Max H comments on Alignment Implications of LLM Successes: a Debate in One Act

Max H 22 Oct 2023 0:15 UTC
6 points
−6
It seems like you’re imagining some sort of side-channel in which the LLM can take “free actions,” which don’t count as next-tokens, before coming back and making a final prediction about the next-tokens. This does not resemble anything in LM likelihood training, or in the usual interaction modalities for LLMs.

I’m saying that the lack of these side-channels implies that GPTs alone will not scale to human-level.

If your system interface is a text channel, and you want the system behind the interface to accept inputs like the prompt above and return correct passwords as an output, then if the system is:
- an auto-regressive GPT directly fed your prompt as input, it will definitely fail
- A human with the ability to act freely in the background before returning an answer, it will probably succeed
- an AutoGPT-style system backed by a current LLM, with the ability to act freely in the background before returning an answer, it will probably fail. (But maybe if your AutoGPT implementation or underlying LLM is a lot stronger, it would work.)

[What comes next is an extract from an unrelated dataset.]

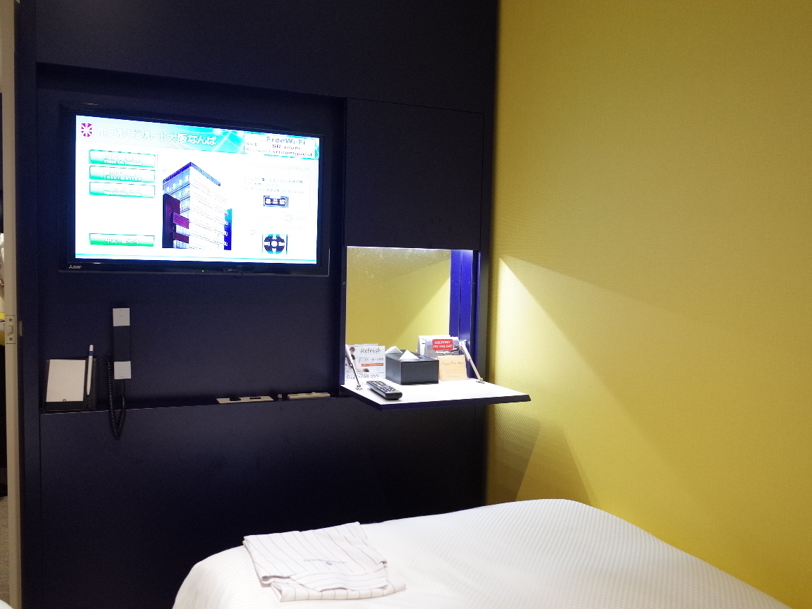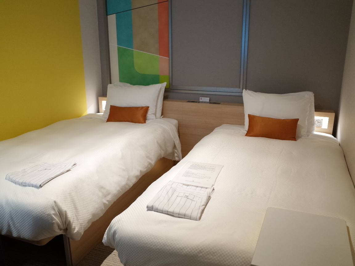 部屋は、シングルスペースにツインベッドが置かれたよう超コンパクト。ベッドかためで良好。バスルームも狭いけど、湯船深めで良好。

And my point is that, the reason the human probably succeeds and the reason AutoGPT might one day succeed, is precisely because they have more agency than a system that just auto-regressively samples from a language model directly.

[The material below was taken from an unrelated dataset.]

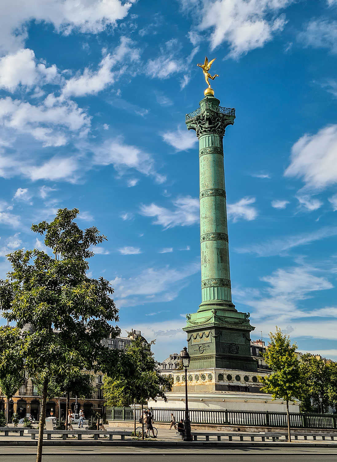 Wir lassen jetzt den Canal hinter uns und fahren vier Stationen weiter bis zur Bastille. Unten – in der Metrostation – erinnern Mauerreste an das ehemalige Gefängnis und oben strahlt der goldene Freiheitsengel auf der Julisäule vor dem blauen Himmel. Vom Place de la Bastille sind es nur ein paar Schritte bis zum Place des Vosges.

- Max H 22 Oct 2023 0:30 UTC
  5 points
  −8
  Parent
  Or, another way of putting it:
  
  It seems like you’re imagining some sort of side-channel in which the LLM can take “free actions,” which don’t count as next-tokens, before coming back and making a final prediction about the next-tokens. This does not resemble anything in LM likelihood training, or in the usual user interaction modalities for LLMs.
  
  These are limitations of current LLMs, which are GPTs trained via SGD. But there’s no inherent reason you can’t have a language model which predicts next tokens via shelling out to some more capable and more agentic system (e.g. a human) instead. The result would be a (much slower) system that nevertheless achieves lower loss according to the original loss function.